Raw data section start
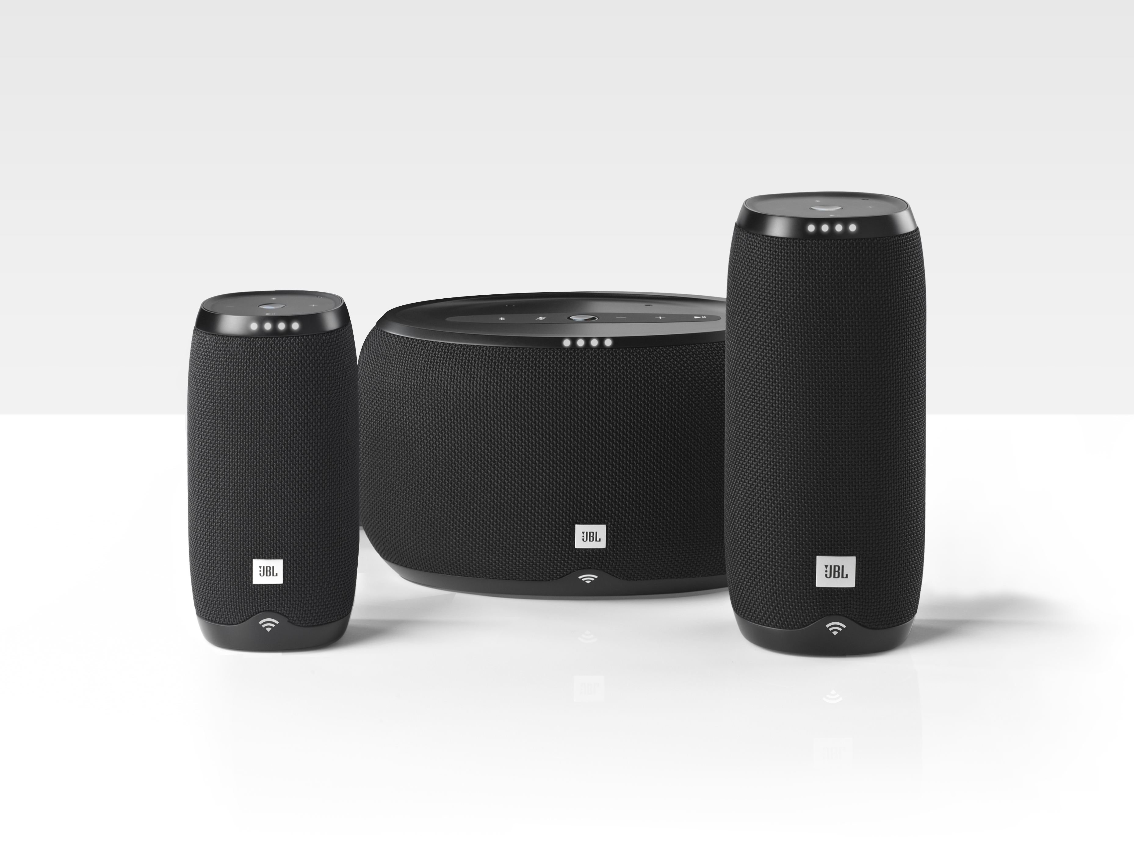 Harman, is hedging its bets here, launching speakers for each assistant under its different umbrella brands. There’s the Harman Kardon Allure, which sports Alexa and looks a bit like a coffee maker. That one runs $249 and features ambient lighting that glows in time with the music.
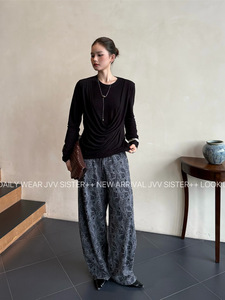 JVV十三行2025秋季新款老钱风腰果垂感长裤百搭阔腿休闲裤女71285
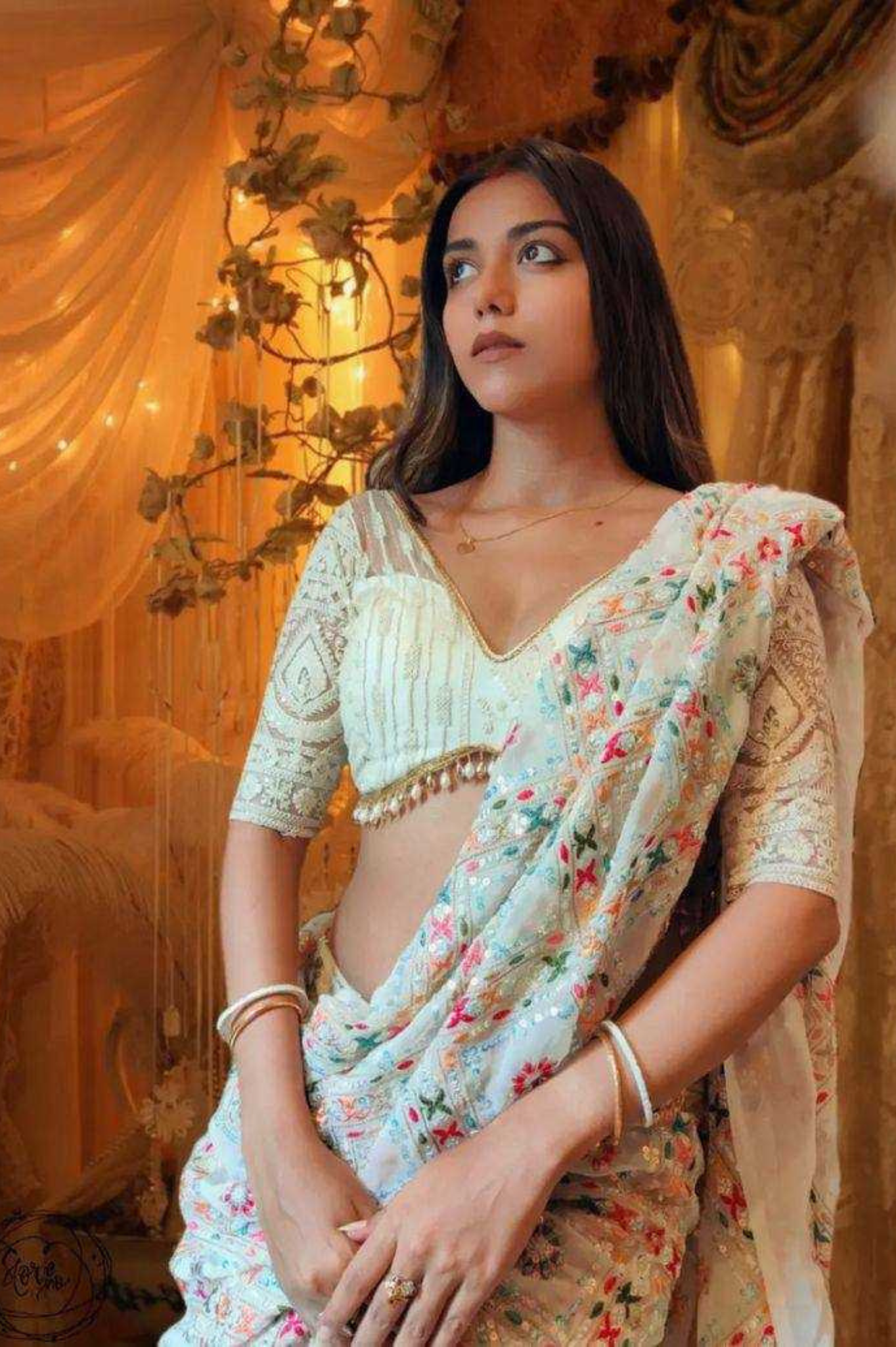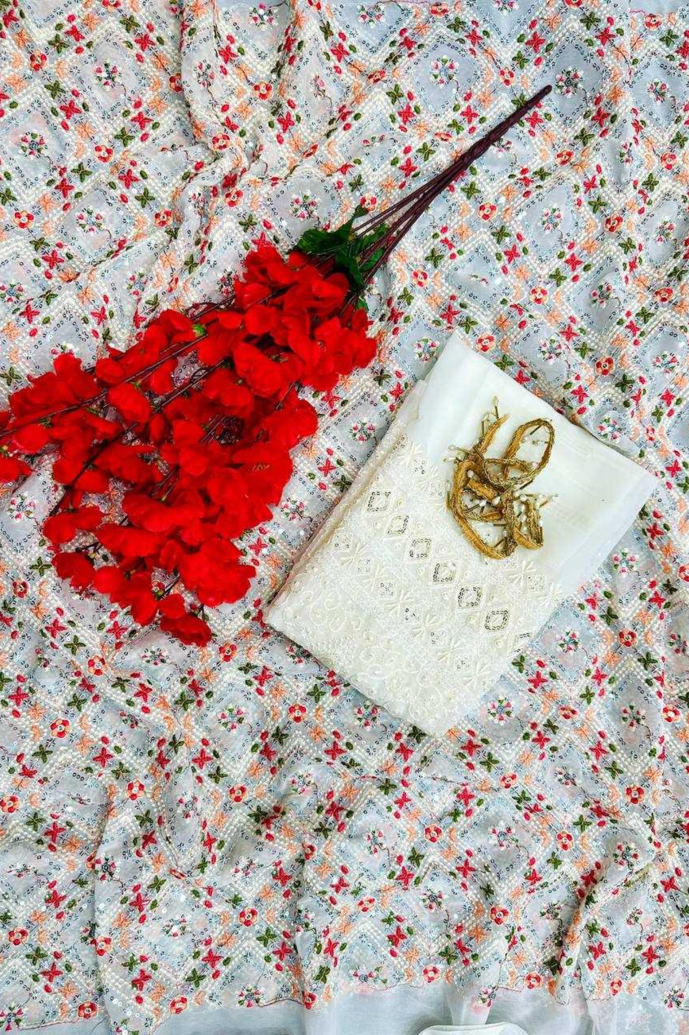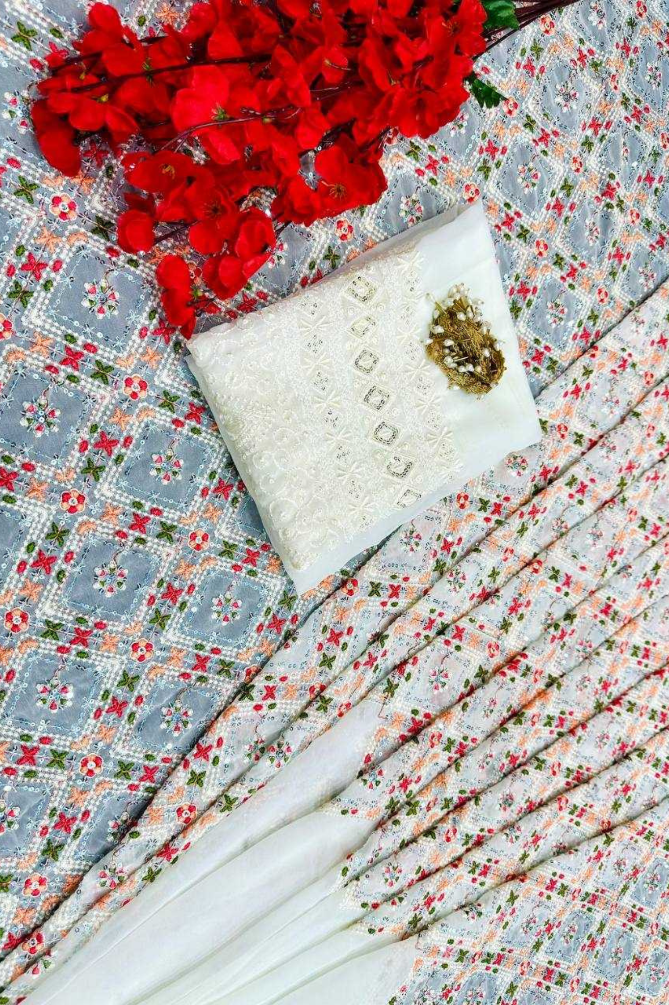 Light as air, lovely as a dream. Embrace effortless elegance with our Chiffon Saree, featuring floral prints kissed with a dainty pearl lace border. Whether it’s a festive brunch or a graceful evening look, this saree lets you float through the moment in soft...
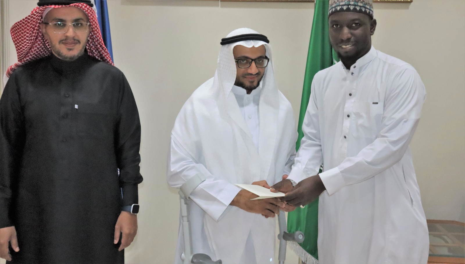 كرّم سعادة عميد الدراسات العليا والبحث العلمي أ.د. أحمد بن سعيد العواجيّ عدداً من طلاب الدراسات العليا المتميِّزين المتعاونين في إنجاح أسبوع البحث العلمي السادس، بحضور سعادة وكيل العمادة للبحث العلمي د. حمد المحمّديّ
Raw data section end
• Directions for this task
Could you retype the whole listing word for word, minus its pictures?

• Written response
 Harman, is hedging its bets here, launching speakers for each assistant under its different umbrella brands. There’s the Harman Kardon Allure, which sports Alexa and looks a bit like a coffee maker. That one runs $249 and features ambient lighting that glows in time with the music.
 JVV十三行2025秋季新款老钱风腰果垂感长裤百搭阔腿休闲裤女71285
 Light as air, lovely as a dream. Embrace effortless elegance with our Chiffon Saree, featuring floral prints kissed with a dainty pearl lace border. Whether it’s a festive brunch or a graceful evening look, this saree lets you float through the moment in soft...
 كرّم سعادة عميد الدراسات العليا والبحث العلمي أ.د. أحمد بن سعيد العواجيّ عدداً من طلاب الدراسات العليا المتميِّزين المتعاونين في إنجاح أسبوع البحث العلمي السادس، بحضور سعادة وكيل العمادة للبحث العلمي د. حمد المحمّديّ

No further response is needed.